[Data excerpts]

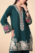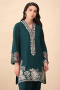 Verdance – Turn heads with this ultra-chic dark green short shirt, featuring a trendy round hem and paired with a stylish shalwar for a modern, effortless vibe. Intricate blooming floral embroidery along the hem and a beautifully crafted neckline with pops of maroon, mustard, and sage elevate this look with a touch of sophistication.
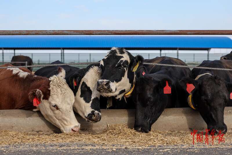 9月10日,新疆博尔塔拉蒙古自治州博乐市,新疆天莱农牧集团股份有限公司养殖场,牛群在进食。新疆天莱农牧集团股份有限公司成立于2013年,农牧园区10万亩,饲草料种植面积11万亩,现有肉牛存栏5万头,是西北规模较大的现代化肉牛养殖场。“快乐养牛,养快乐牛”是该公司的一项宗旨。
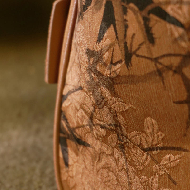 - Materiale: seta di gelso, seta Xiangyunsha, pelle di mucca, metallo, manico in bambù
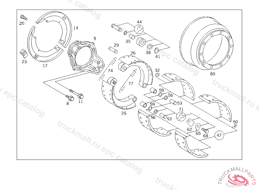 BRAKE SHOE , FIRST EXHAUST STOCK OF OLD PARTS UP TO FRONT AXLE E 128437, Replaced By: A3934202519
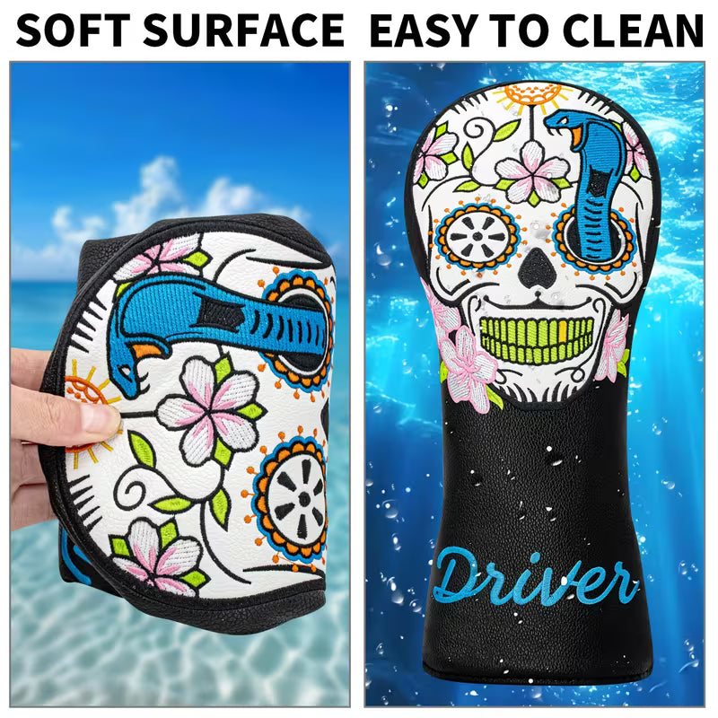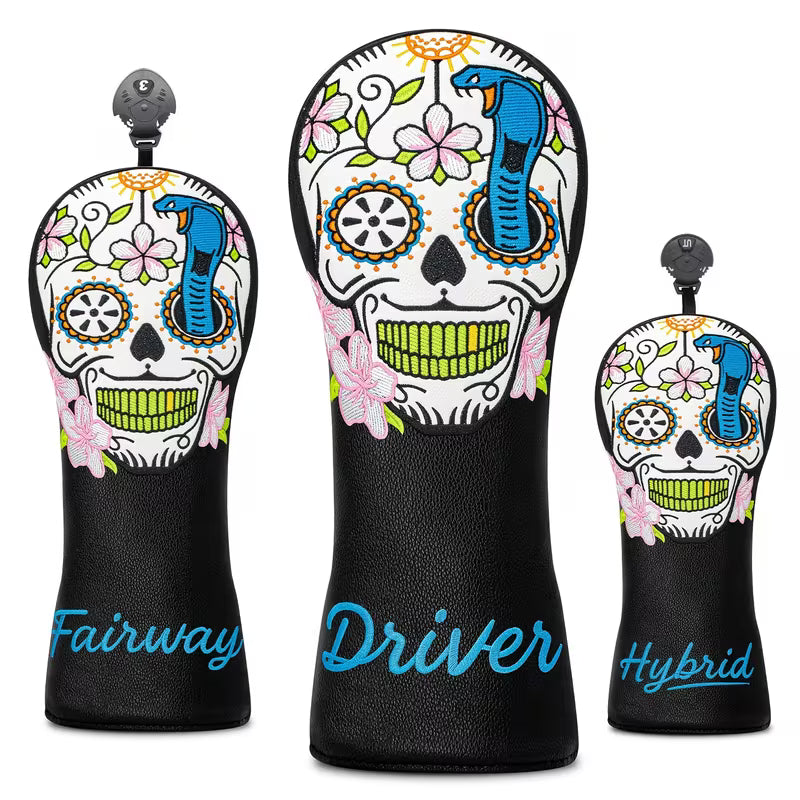 Inject some edge and artistry into your golf game with this "Sugar Skull & Cobra" Golf Headcover. This striking design features a large, detailed "Day of the Dead" sugar skull embroidered on a white background, distinctively accented with a blue cobra snake emerging from one eye socket and surrounded by pink cherry blossoms. The lower section is crafted from durable black PU leather and features bold, cursive teal embroidery explicitly identifying the club type ("Driver", "Fairway", or "Hybrid"). Designed primarily for right-handed bag setups to display the text perfectly, this cover offers both high-impact style and premium protection.
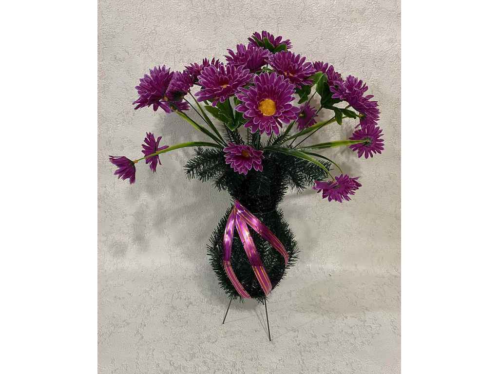 Ваза з квітами «Ромашки» — це витончена композиція, що поєднує стриманість, гідність та глибоку символіку пам’яті. Виріб оформлений у класичному стилі з декоративною хвойною основою та композицією ромашек, які символізують повагу, любов і світлу пам’ять. Квіти гармонійно поєднані з зеленим листям, а декоративна стрічка додає завершеності та акуратного вигляду. Композиція підходить для покладання на могилу, участі в похоронній церемонії або в поминальні дні.
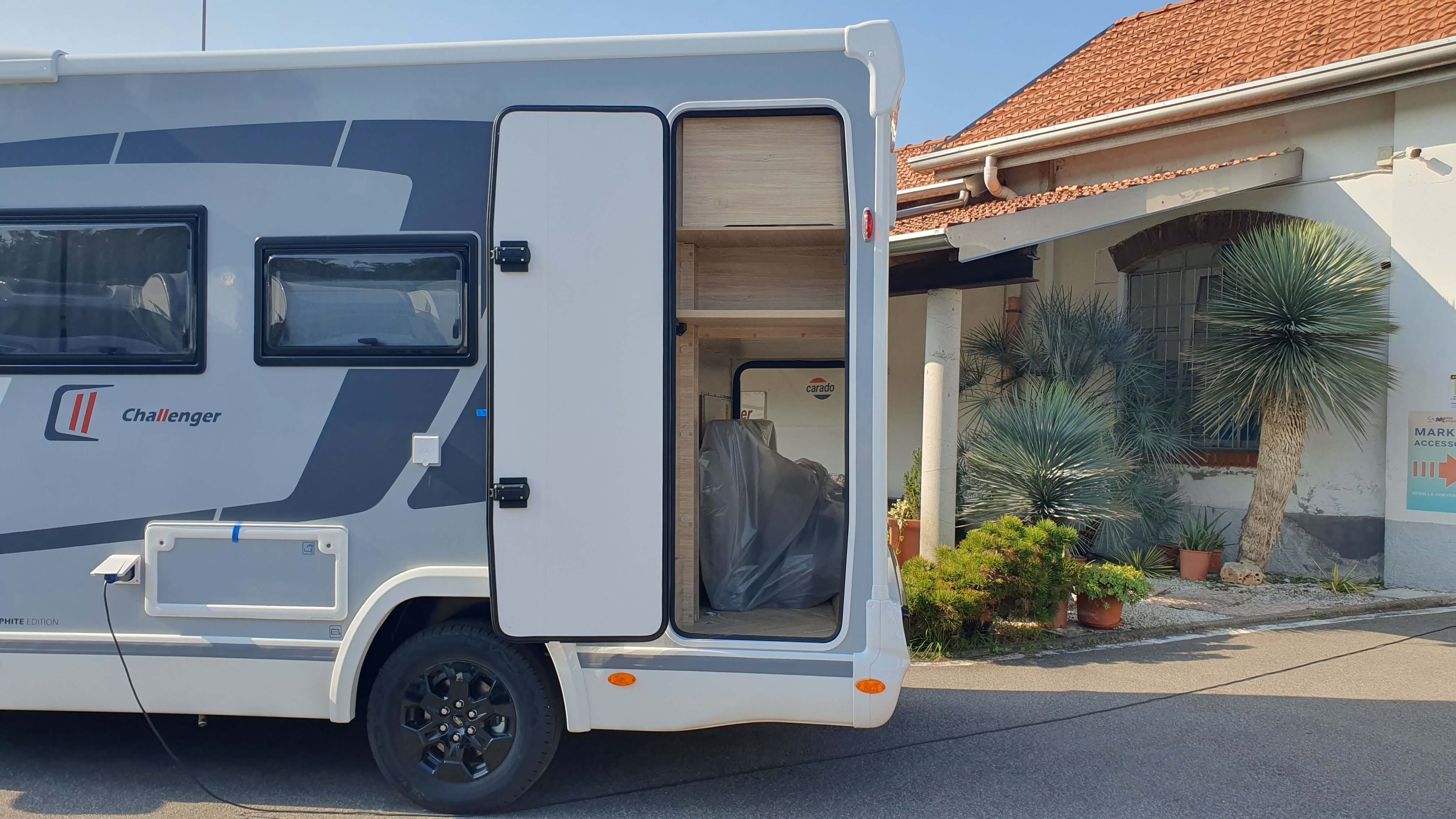 Pack Accessori P che include tendalino esterno, pannello solare da 140W, zanzariera per la porta e oscuranti cabina
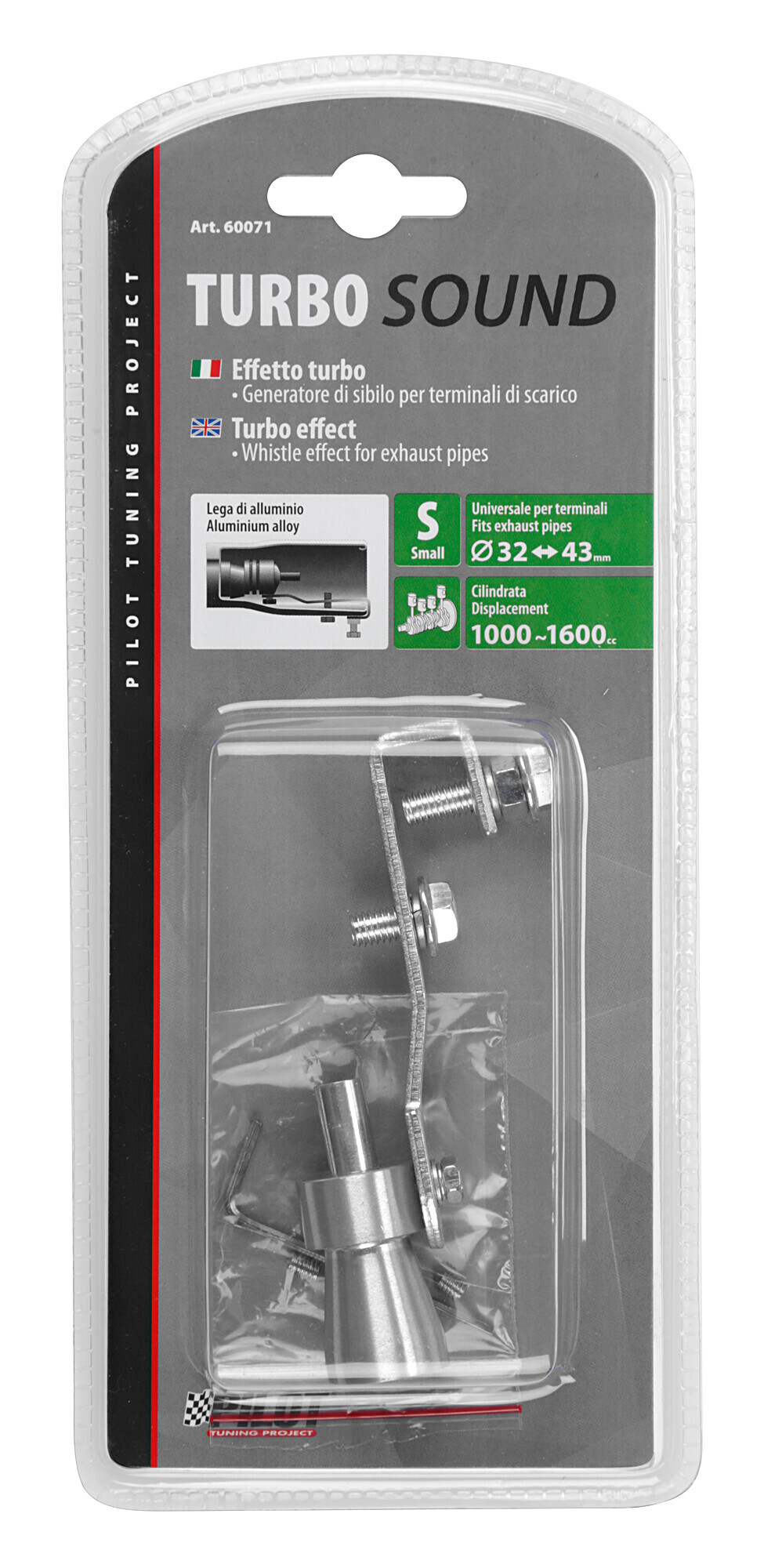 Si applica all’interno del terminale di scarico ed emette un sibilo tipico delle vetture turbo. Di facile installazione.
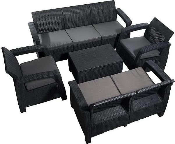 Sestava obsahuje: 1x Záhradná ratanová pohovka CORFU LOVE SEAT MAX (antracit), 1x Záhradná ratanová zostava CORFU antracit
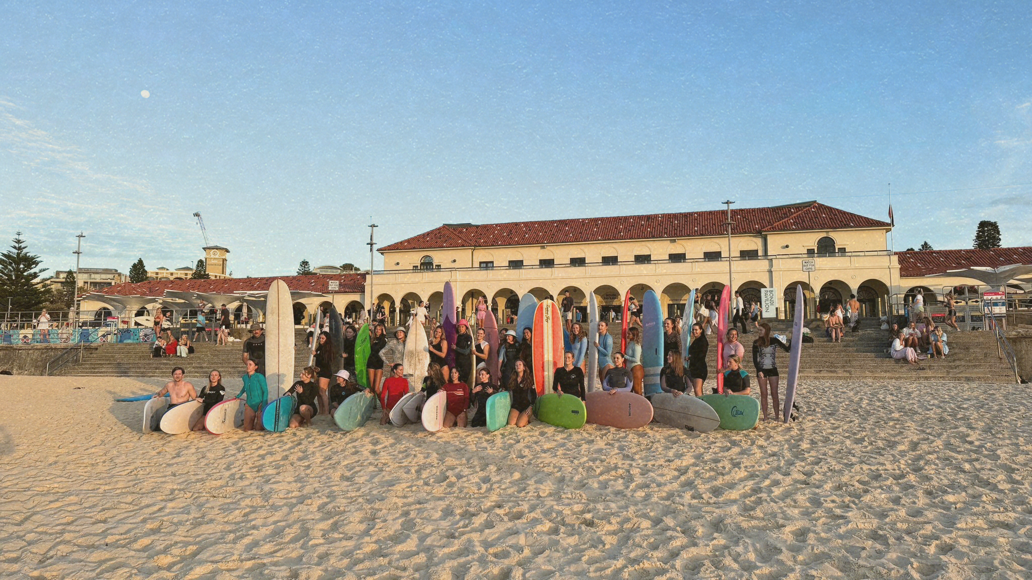 Every week at 6:30am, Bondi Surf Girls meets in front of the Bondi Pavilion for our signature women’s sunrise surf session - a consistent, welcoming space designed to build confidence in the water and connection beyond it.

=== Task goal ===
Go down the entries above from the line containing "- Materiale: seta" to the line containing "BRAKE SHOE , FIRST" and write out each line exactly, leaving pictures out.

=== Task solution ===
 - Materiale: seta di gelso, seta Xiangyunsha, pelle di mucca, metallo, manico in bambù
 BRAKE SHOE , FIRST EXHAUST STOCK OF OLD PARTS UP TO FRONT AXLE E 128437, Replaced By: A3934202519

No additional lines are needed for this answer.